Work instructions: This exercise asks for an exact copy of the lines from the one containing "Mit der Nightcouch" through the final line of the material, with pictures omitted.

"""

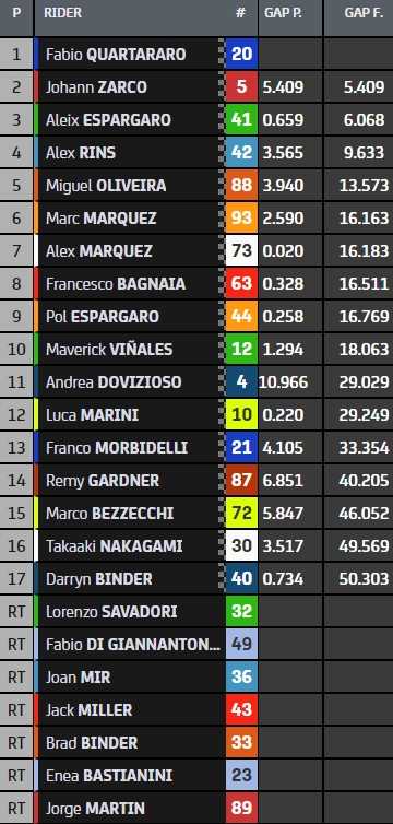 Cinquième avant le départ, Fabio Quartararo s’empare de la tête du championnat à égalité avec Alex Rins, qui pouvait difficilement imaginer pareil résultat en entrant sur la huitième et dernière ligne de la grille. Aleix Espargaro reste troisième à 3 points, tandis que Enea Bastianini glisse de la première à la quatrième place. Le top-5, complété par Johann Zarco, se tient en seulement 18 points.
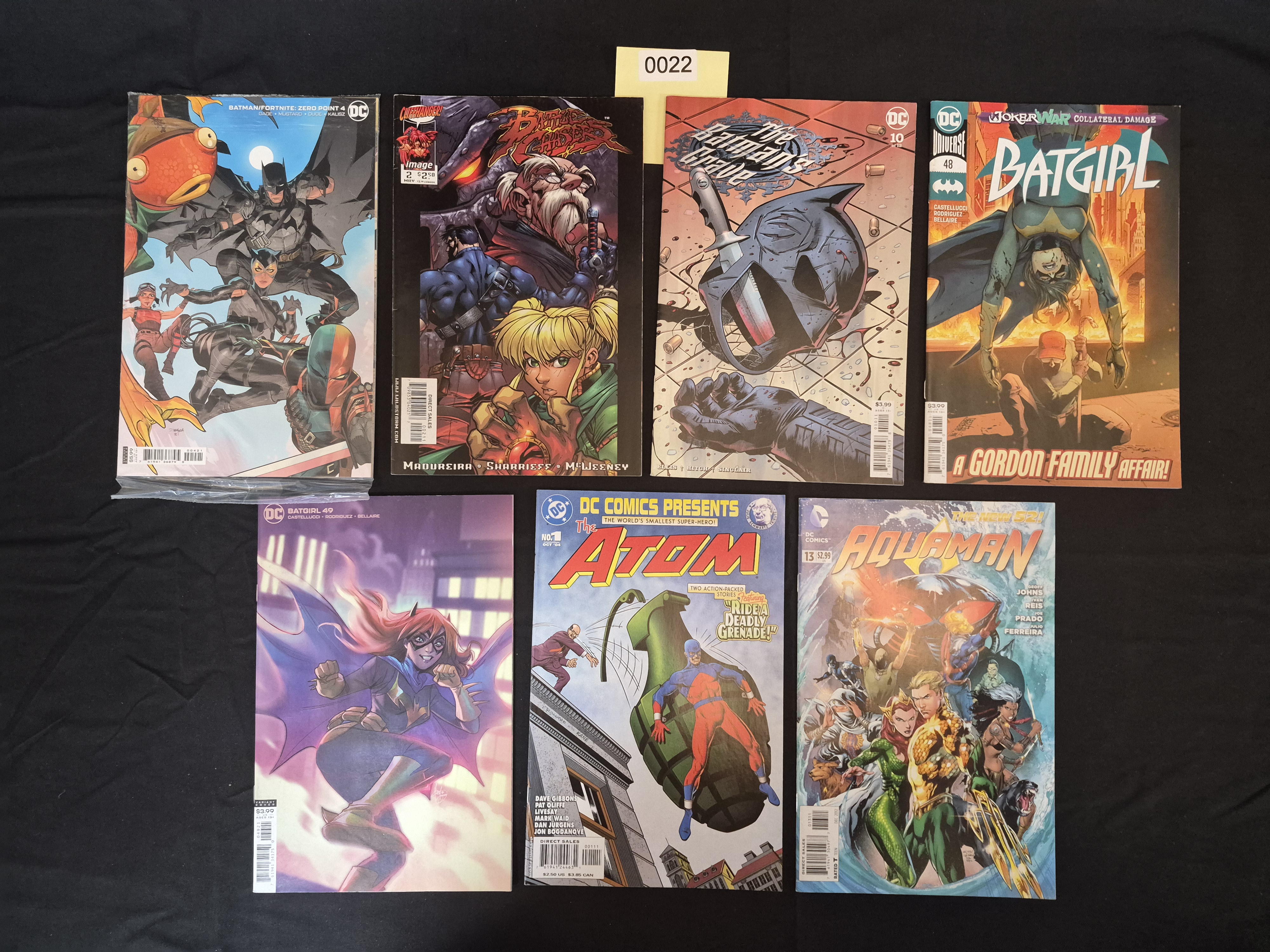 BID PER WHAT YOU SEE IN THE PHOTO, NOT THE AI GENERATED TITLES AND DESCRIPTIONS! A collection of seven modern and contemporary American comic books, primarily published by DC Comics, featuring popular characters from the DC Universe. The collection includes the key identified issue, Batman/Fortnite: Zero Point #4 (DC Comics, 2021), noted as the Dan Mora Variant Cover, which is sealed in its original polybag. This issue carries a cover price of $5.99. Other titles in the collection include Battle Chasers #2 (Image Comics/Cliffhanger!, cover price $2.50), The Batman’s Grave #10 (DC Comics, cover price $3.99), two issues of Batgirl (#48 and #49, cover prices $3.99 each, with #49 being a variant cover), DC Comics Presents The Atom #1 (DC Comics, cover price $2.50), and Aquaman (The New 52!) #13 (DC Comics, cover price $2.99). The comics are standard print format.
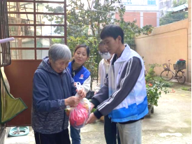 青年志愿者发放健康宣传资料,与老人们面对面促膝交流,开展血压测量、颈肩推拿、腧穴艾灸、健康咨询服务,给予健康饮食、营养膳食等方面的建议;携带慰问品前往数位贫困老人家庭,聊近况、话家常,了解家庭生活和身体健康状况,讲解常用医疗康养保健知识,身体力行为老人们送上关怀和温暖。
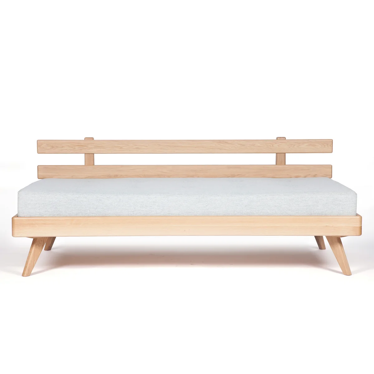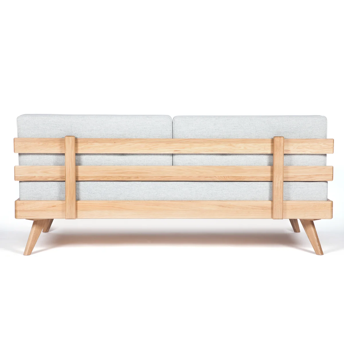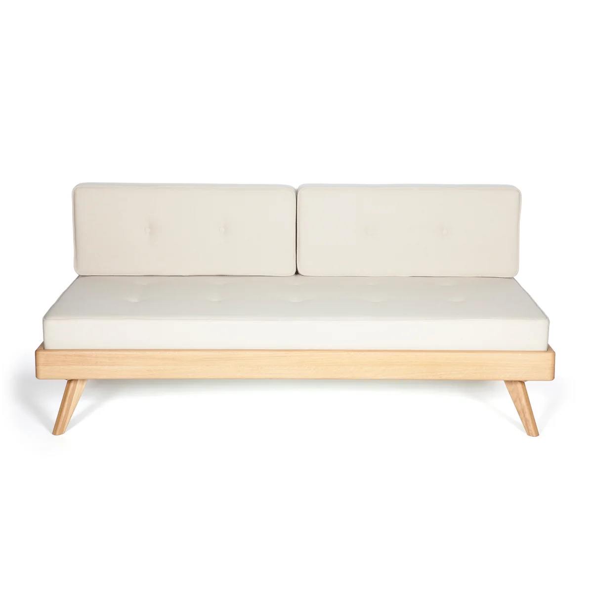 Mit der Nightcouch präsentiert „The Hansen Family“ ein weiteres Familienmitglied aus der Feder von Designerin Gesa Hansen. Ebenso wie die anderen Möbel aus der Remix Kollektion besteht das Gestell der Nightcouch aus solidem Eichenholz. Die Optik und der Komfort der Couch erinnern an ein klassisches skandinavisches Sofa, das sich im Handumdrehen in ein bequemes Doppelbett verwandeln lässt.
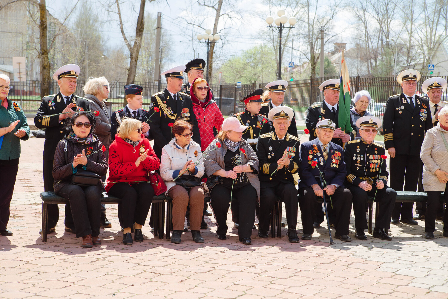 После автоколонна из десяти автомобилей проехала по памятным местам Краснофлотского района. Под развевающимися знаменами Победы машины последовали к монументу, хранящему имена рабочих и служащих завода имени С. М. Кирова, павших в тяжелые сороковые годы. Там, у гранитного подножия, легли багряные гвоздики и траурные венки - безмолвная дань благодарности за мирное небо над головой. Далее автомобили с флагами проехали и по другим памятным местам Краснофлотского района.
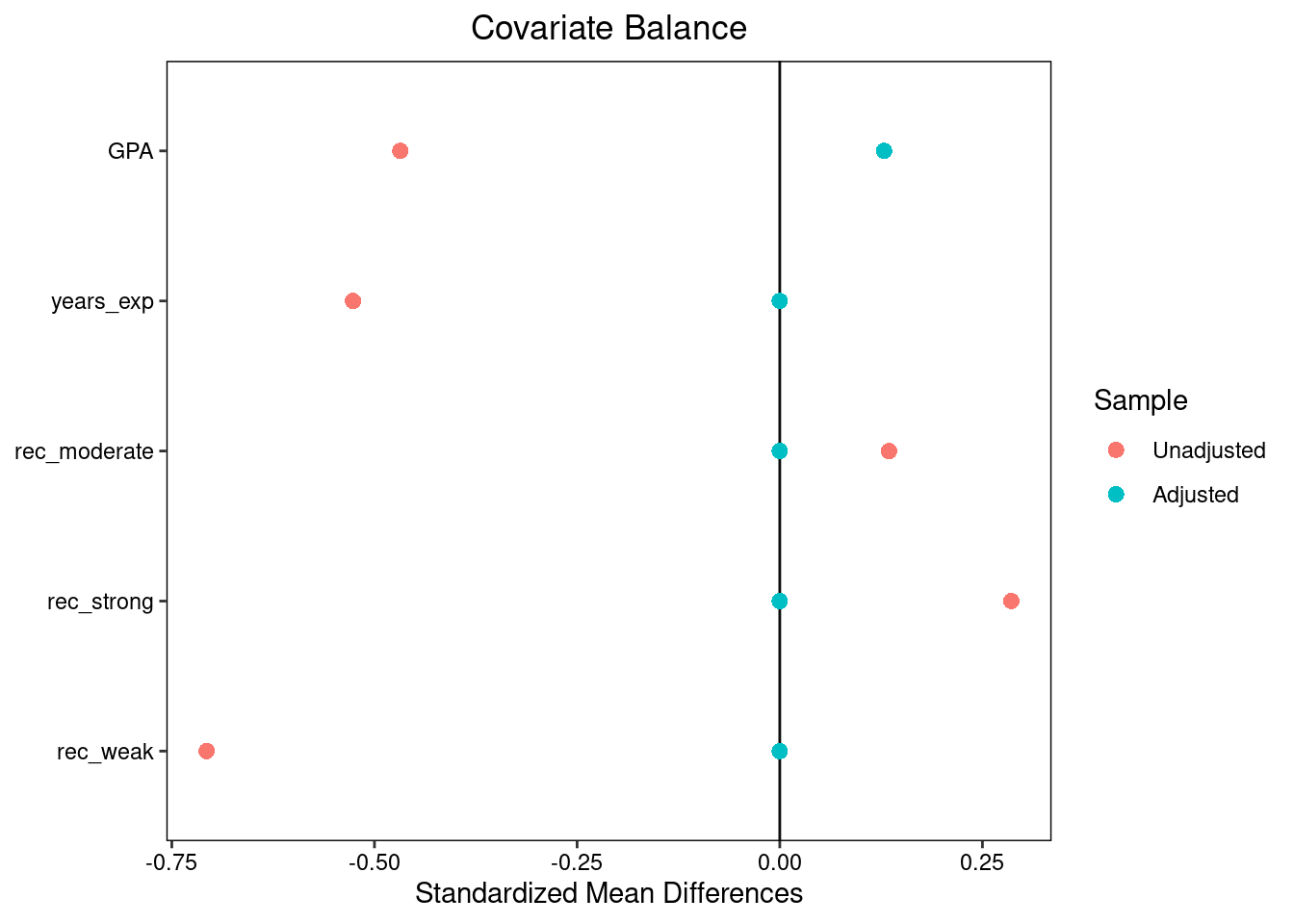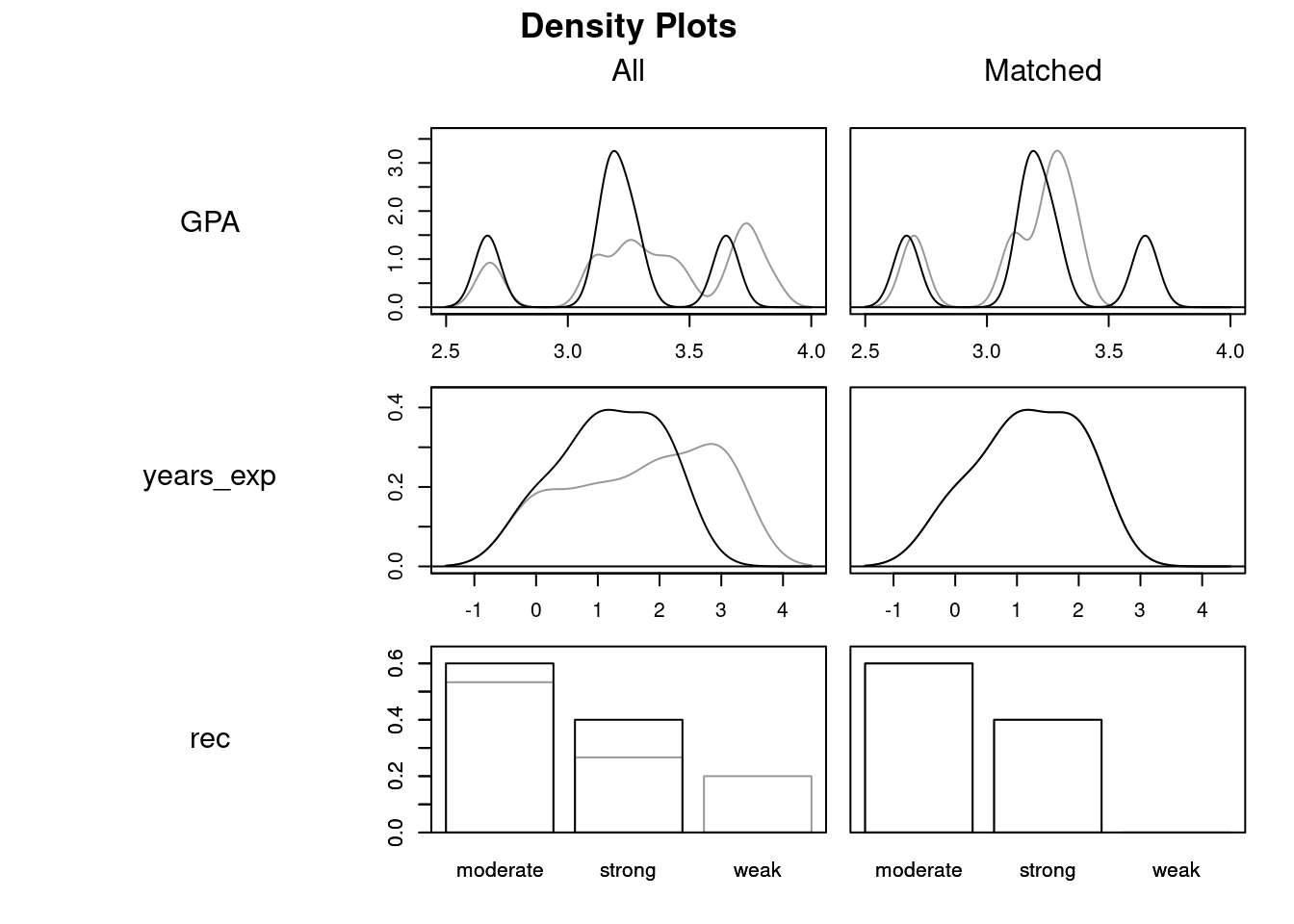 grad_matched <- matchit(cal_grad ~ GPA + years_exp + rec, method = 'optimal',

"""

Problem solution:
 Mit der Nightcouch präsentiert „The Hansen Family“ ein weiteres Familienmitglied aus der Feder von Designerin Gesa Hansen. Ebenso wie die anderen Möbel aus der Remix Kollektion besteht das Gestell der Nightcouch aus solidem Eichenholz. Die Optik und der Komfort der Couch erinnern an ein klassisches skandinavisches Sofa, das sich im Handumdrehen in ein bequemes Doppelbett verwandeln lässt.
 После автоколонна из десяти автомобилей проехала по памятным местам Краснофлотского района. Под развевающимися знаменами Победы машины последовали к монументу, хранящему имена рабочих и служащих завода имени С. М. Кирова, павших в тяжелые сороковые годы. Там, у гранитного подножия, легли багряные гвоздики и траурные венки - безмолвная дань благодарности за мирное небо над головой. Далее автомобили с флагами проехали и по другим памятным местам Краснофлотского района.
 grad_matched <- matchit(cal_grad ~ GPA + years_exp + rec, method = 'optimal',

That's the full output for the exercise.